Borrowing an idea from the Kettering Foundation President, David Mathews: Today's policymakers and experts tend to define "accountability" in terms of information. For instance, No Child Left Behind requires schools to collect and disclose reams of data about students' performance, teachers' credentials, etc. The idea is that well-informed parents will be able to apply pressure and make good choices for their kids. Similarly, the Administration has pledged to reveal unprecedented amounts of information about the stimulus spending (and is being beaten up for inaccuracies).

But most people do not think of accountability in informational terms. They think in terms of relationships. For example, in focus groups that Doble Research Associates conducted for the Kettering Foundation (back in 2001), parents were highly resistant to the idea that tests would be useful ways to hold school accountable. For one thing, they wanted to hold other parties accountable for education, starting with parents. A Baltimore woman said, "If kids don't pass the test, is that supposed to mean that teachers are doing a lousy job? That's not right. I mean where does the support come from? You're pointing the finger at them when you should be supporting them." Another (or possibly the same) Baltimore woman explained, "When I think about accountability, I think about parents taking responsibility for supervising their children's learning and staying in touch with teachers." This respondent not only wanted to broaden responsibility but also saw it in terms of communication. Many participants wanted to know whether schools, parents, and students had the right values. They doubted that data would answer that question. And although the report doesn't quite say this, I suspect they envision knowing individuals personally as the best way to assess their values. The focus groups turned to a discussion of relationships:

And so on--the conversation continues in this vein. Note that this is supposed to be a focus group about accountability in education. One Atlanta woman summed it up: "What we've got to do is develop a stronger sense of community between the schools and families in the community."I suspect that she envisions a situation in which school staff and parents know each other, share fundamental values, and commit to support one another. Information is pretty much irrelevant.

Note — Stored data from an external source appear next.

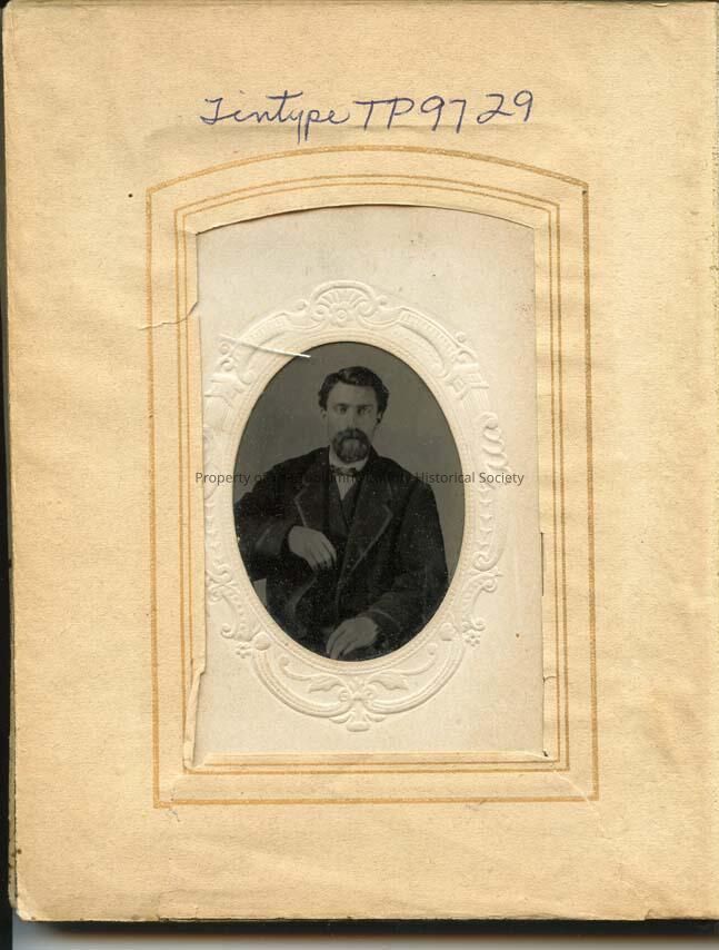 A 2.5" x 3.5" Black and white tintype portrait of an unidentified man.Wearing white shirt with bow tie., has full beard.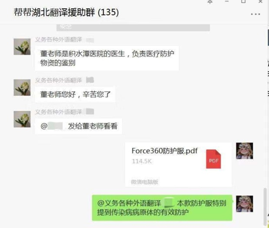 疫情发生以来,海外华人、国际友人踊跃捐助各种专用医疗物资设备,有大量的物资清单等各种文件亟需翻译。在yl23455永利集团翻译硕士(MTI)教育中心的倡议和组织下,我校MTI学生纷纷参与线上翻译志愿者活动。他们参与了多个层次多个地域的翻译团队,如各地翻译协会团队、中国防疫翻译志愿者小组;有的是自发组织成立翻译志愿小组,直接与需要帮助的人士对接。目前共有30多名外院翻译专业学生参与线上翻译志愿活动,单个翻译志愿者群每日翻译内容涉及20余种医疗产品,包括消毒液、防护服、口罩等几十种医疗物资。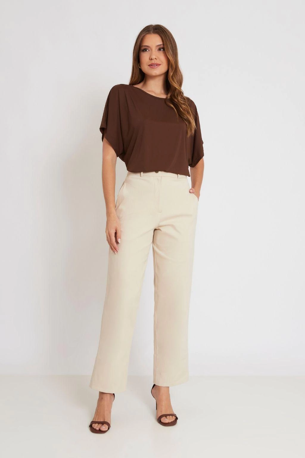 Combine a Calça Boot Cut Cropped Papillon Areia com uma blusa de seda ou uma camisa clássica para um look de trabalho chic. Para um visual mais casual, opte por uma t-shirt básica e tênis brancos. Adicione acessórios delicados para um toque final elegante.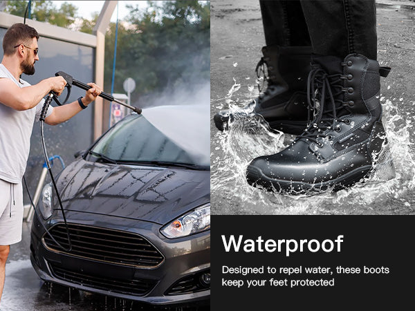 Crafted with waterproof black leather and a moisture-wicking lining, these boots keep your feet dry and comfortable in rain, mud, and wet conditions.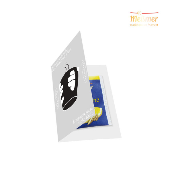 Klappkarte im DinA7 Format mit 1 Meßmer Teebeutel geklebt an der Innenseite der Karte. Die... mehr

I think David Mathews' theory needs more investigation, including national survey data, because we don't know for how many people accountability is relational rather than informational. But let's assume that he's right about most Americans. In that case ...

First, we might discuss whether ordinary people or experts are wiser. There are pros and cons to both sides. Thinking about accountability in relational terms can be misleading. Just because you have known the new principal since you were kids and she wants her students to succeed doesn't mean she is doing a good job. Besides, once we are dealing with state or national policy, you cannot possibly know leaders personally. Thus you may start trying to assess their "character" based on imperfect and often biased sources instead of measuring their performance.

On the other hand, the focus group participants are right that any informational measure, such as a test score, is narrow and simplistic and even trivial. Many of the most important issues are values; over-reliance on information can sideline those issues and drive a wedge between citizens and institutions.

Regardless of who is right, I think this theory has powerful political implications. Especially on the left, leaders (often highly trained and skillful with information) keep hoping that by providing the public with data, they will make people happier. But parents like charter and voucher-funded private schools even when they perform poorly. I am convinced that that's because they feel they have a genuine relationship with those schools. There is a profound lesson here about how to reform education and other sectors.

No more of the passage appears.